Trang-Sup During Monsoon Season © T.P. Woodfork

‘Special’ People

 

Now, see, I was trying to be kind and show a little deference to these special guys. We always thought of people who, for whatever reason didn't, or couldn’t, avoid being sent off to wade through fetid rice paddies and sleep out for days at a time wearing the same rancid clothing as rather, well, special, if somewhat pungent. In fact, we thought they just liked to rough it.

 

We figured they enjoyed camping out eating field rations. They must’ve been environmentally conscious as well since they provided much-needed sustenance to leeches, mosquitoes, chiggers, and other varieties of nature's parasites.
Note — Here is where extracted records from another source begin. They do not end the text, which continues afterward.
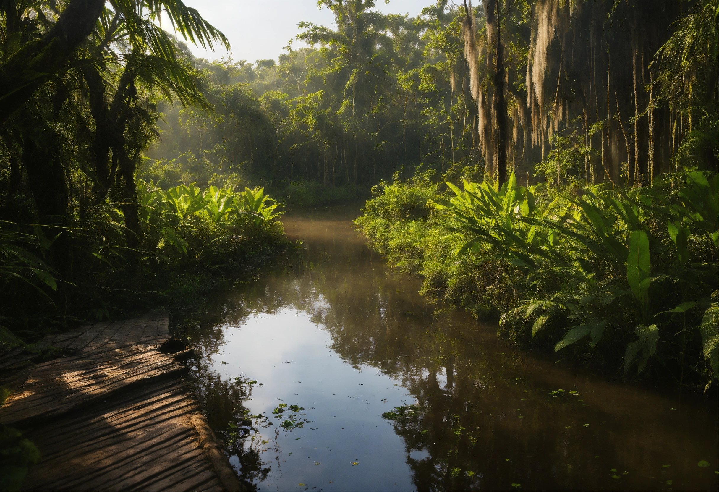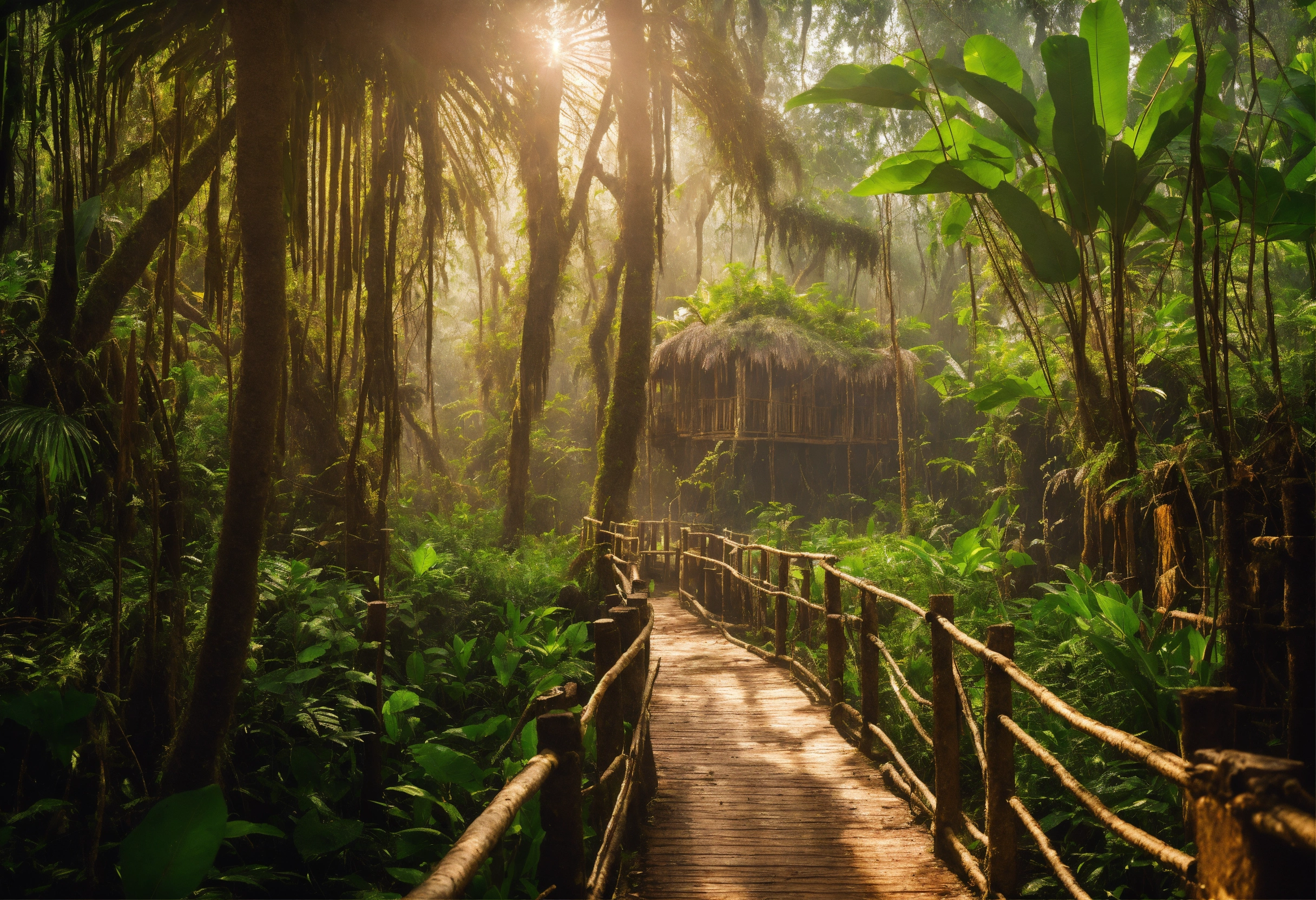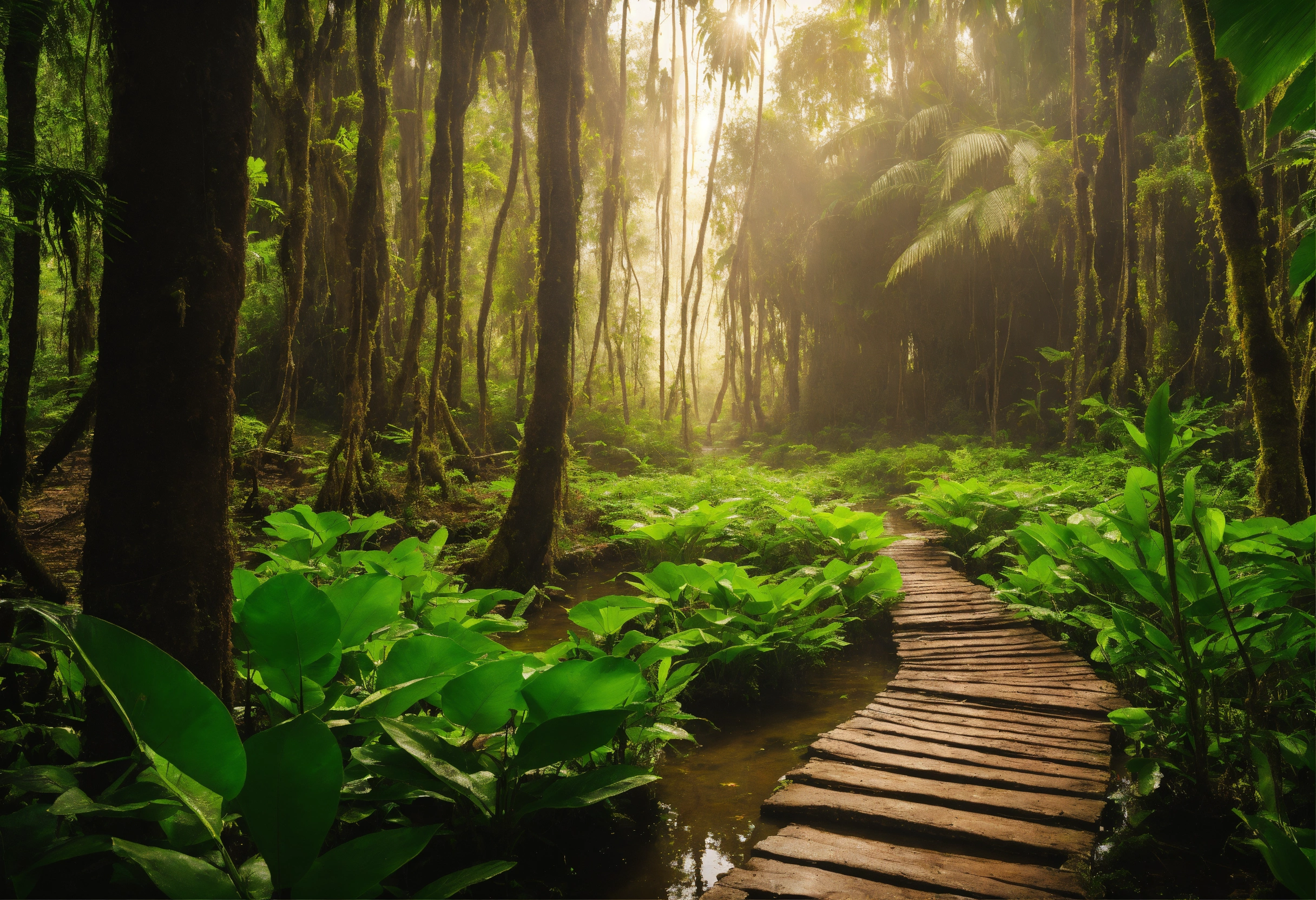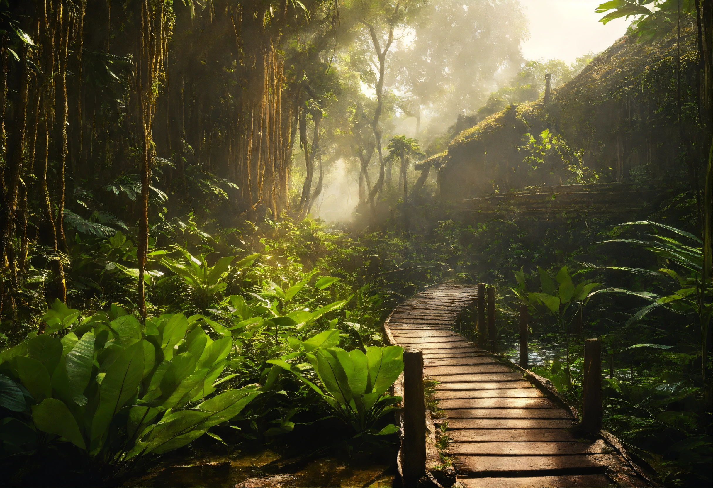 A footpath through a jungle swamp, the heat is oppressive, the air humidity is high, medieval setting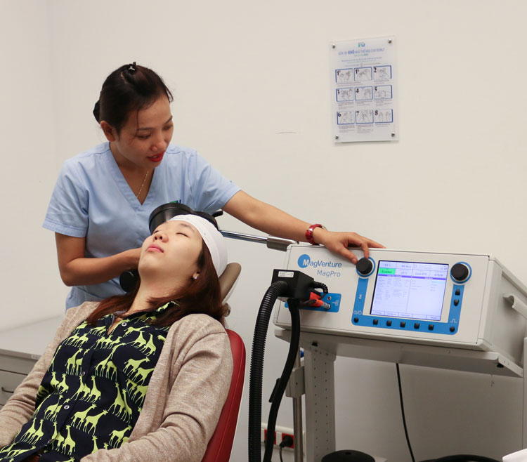 rTMS is usually well tolerated with minimal side-effects. There is no need for any anaesthetic or sedation and there are no adverse effects on memory and thinking ability. Side-effects are infrequent and usually minor: scalp discomfort, facial muscle twitching, mild headache and feeling of light-headedness. Most patients find side-effects reduce in intensity and frequency as the course of rTMS progresses. Though rare, rTMS does come with a small risk of seizures.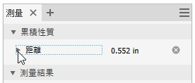 若要從清單中刪除個別值:將游標懸停在累積值上,然後按一下刪除圖示。累積值會相應地進行調整。若要刪除一組值,請將游標懸停在「距離」、「角度」或「面積」上,以從累積群組中刪除所有值。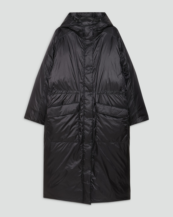 ・丈を長めにデザインしたパッファーコート。
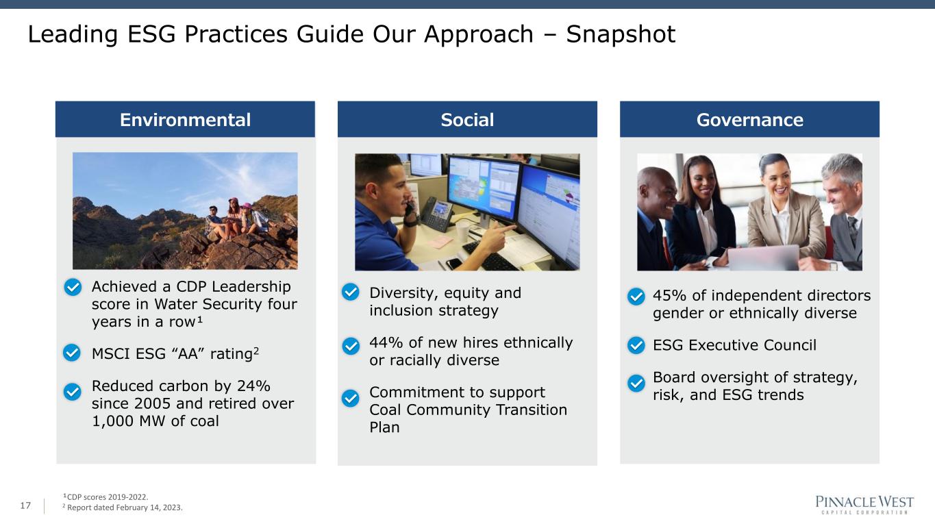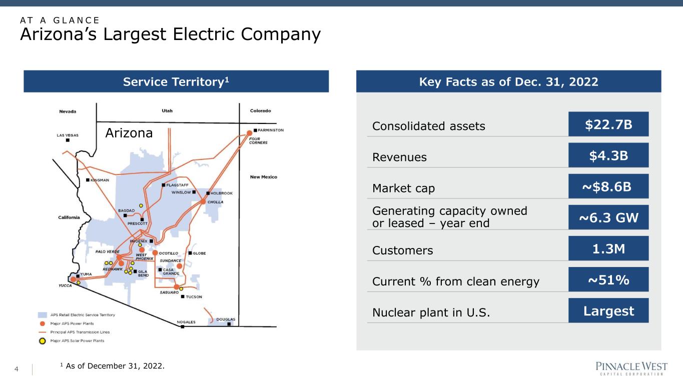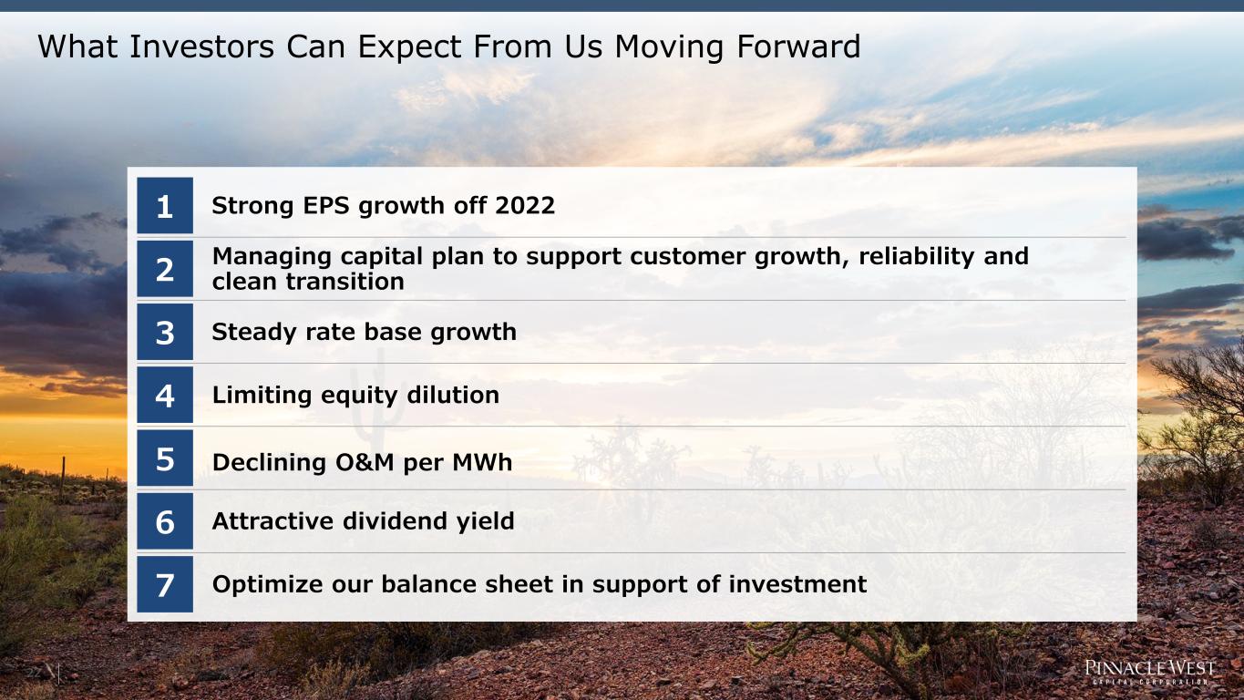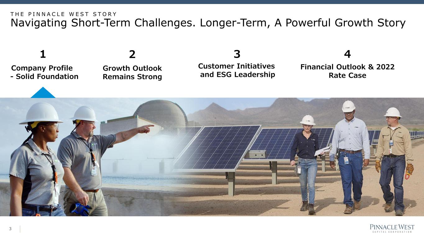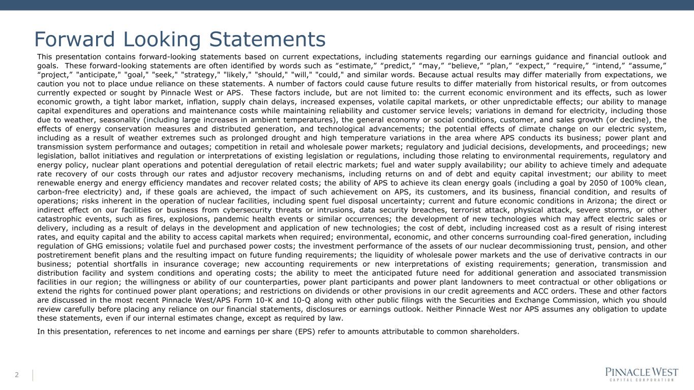 Forward Looking Statements 2 This presentation contains forward-looking statements based on current expectations, including statements regarding our earnings guidance and financial outlook and goals. These forward-looking statements are often identified by words such as “estimate,” “predict,” “may,” “believe,” “plan,” “expect,” “require,” “intend,” “assume,” “project,” "anticipate," "goal," "seek," "strategy," "likely," "should," "will," "could," and similar words. Because actual results may differ materially from expectations, we caution you not to place undue reliance on these statements. A number of factors could cause future results to differ materially from historical results, or from outcomes currently expected or sought by Pinnacle West or APS. These factors include, but are not limited to: the current economic environment and its effects, such as lower economic growth, a tight labor market, inflation, supply chain delays, increased expenses, volatile capital markets, or other unpredictable effects; our ability to manage capital expenditures and operations and maintenance costs while maintaining reliability and customer service levels; variations in demand for electricity, including those due to weather, seasonality (including large increases in ambient temperatures), the general economy or social conditions, customer, and sales growth (or decline), the effects of energy conservation measures and distributed generation, and technological advancements; the potential effects of climate change on our electric system, including as a result of weather extremes such as prolonged drought and high temperature variations in the area where APS conducts its business; power plant and transmission system performance and outages; competition in retail and wholesale power markets; regulatory and judicial decisions, developments, and proceedings; new legislation, ballot initiatives and regulation or interpretations of existing legislation or regulations, including those relating to environmental requirements, regulatory and energy policy, nuclear plant operations and potential deregulation of retail electric markets; fuel and water supply availability; our ability to achieve timely and adequate rate recovery of our costs through our rates and adjustor recovery mechanisms, including returns on and of debt and equity capital investment; our ability to meet renewable energy and energy efficiency mandates and recover related costs; the ability of APS to achieve its clean energy goals (including a goal by 2050 of 100% clean, carbon-free electricity) and, if these goals are achieved, the impact of such achievement on APS, its customers, and its business, financial condition, and results of operations; risks inherent in the operation of nuclear facilities, including spent fuel disposal uncertainty; current and future economic conditions in Arizona; the direct or indirect effect on our facilities or business from cybersecurity threats or intrusions, data security breaches, terrorist attack, physical attack, severe storms, or other catastrophic events, such as fires, explosions, pandemic health events or similar occurrences; the development of new technologies which may affect electric sales or delivery, including as a result of delays in the development and application of new technologies; the cost of debt, including increased cost as a result of rising interest rates, and equity capital and the ability to access capital markets when required; environmental, economic, and other concerns surrounding coal-fired generation, including regulation of GHG emissions; volatile fuel and purchased power costs; the investment performance of the assets of our nuclear decommissioning trust, pension, and other postretirement benefit plans and the resulting impact on future funding requirements; the liquidity of wholesale power markets and the use of derivative contracts in our business; potential shortfalls in insurance coverage; new accounting requirements or new interpretations of existing requirements; generation, transmission and distribution facility and system conditions and operating costs; the ability to meet the anticipated future need for additional generation and associated transmission facilities in our region; the willingness or ability of our counterparties, power plant participants and power plant landowners to meet contractual or other obligations or extend the rights for continued power plant operations; and restrictions on dividends or other provisions in our credit agreements and ACC orders. These and other factors are discussed in the most recent Pinnacle West/APS Form 10-K and 10-Q along with other public filings with the Securities and Exchange Commission, which you should review carefully before placing any reliance on our financial statements, disclosures or earnings outlook. Neither Pinnacle West nor APS assumes any obligation to update these statements, even if our internal estimates change, except as required by law. In this presentation, references to net income and earnings per share (EPS) refer to amounts attributable to common shareholders.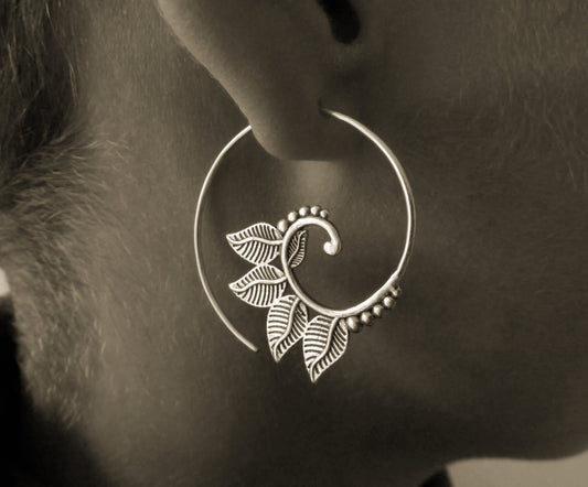 verspielte Spiral Ohrringe mit Blättern aus Messing

They were also empathetic in the extreme; they seemed to go out of their way to lighten the rigorous, sometimes joyless lives of many of the indigenes.

 

They often played endless games of 'King of the Hill' over selected bits of real estate in hot, humid jungles with those natives designated as 'Charlies' and ‘NVA’. They'd win a chunk of territory and then leave and generously give it back.  Such people are indeed 'special'.

 

As for us so-called REMF types, we just sat around behind the cozy safety of our totally impenetrable wire, enjoying the convenience of the porcelain thrones in our lavishly appointed shower rooms/latrines. That was, of course only one of the many amenities we enjoyed during our idyllic tours of duty in Nam.

 

For instance, from time to time, we would languidly bestir our pampered behinds to disport ourselves with compliant, nubile hooch maids, occasionally emitting a satiated, well-fed burp as we did so. (The burps were caused by the lobster, steaks, and asparagus tips we habitually feasted on daily.)

 

In our defense, it should be noted that we never failed to appreciate the prodigious efforts of our Spartan, special friends. Why, we’ve even gone out of our way to design some of our school curricula specifically for these dedicated, special folk. They're called 'Special Education' classes.

 

(Response to being called an REMF – AKA ‘’Really Emasculated Mother F***er” by a friend who referred to his fellow Grunts as ‘Special’. I am Air Force. Now, normally, I’d have ignored being called a “Rear Echelon Mother F***er, despite the fact that I wasn’t actually in the rear; I was on an outpost with about forty other Americans. ‘Emasculated’ was a bit much, though. However, I have to admit we were known to scarf down the stray surf and turf from time to time, and we did have flush toilet and hooch maids. No sense in overdoing things and going completely native.)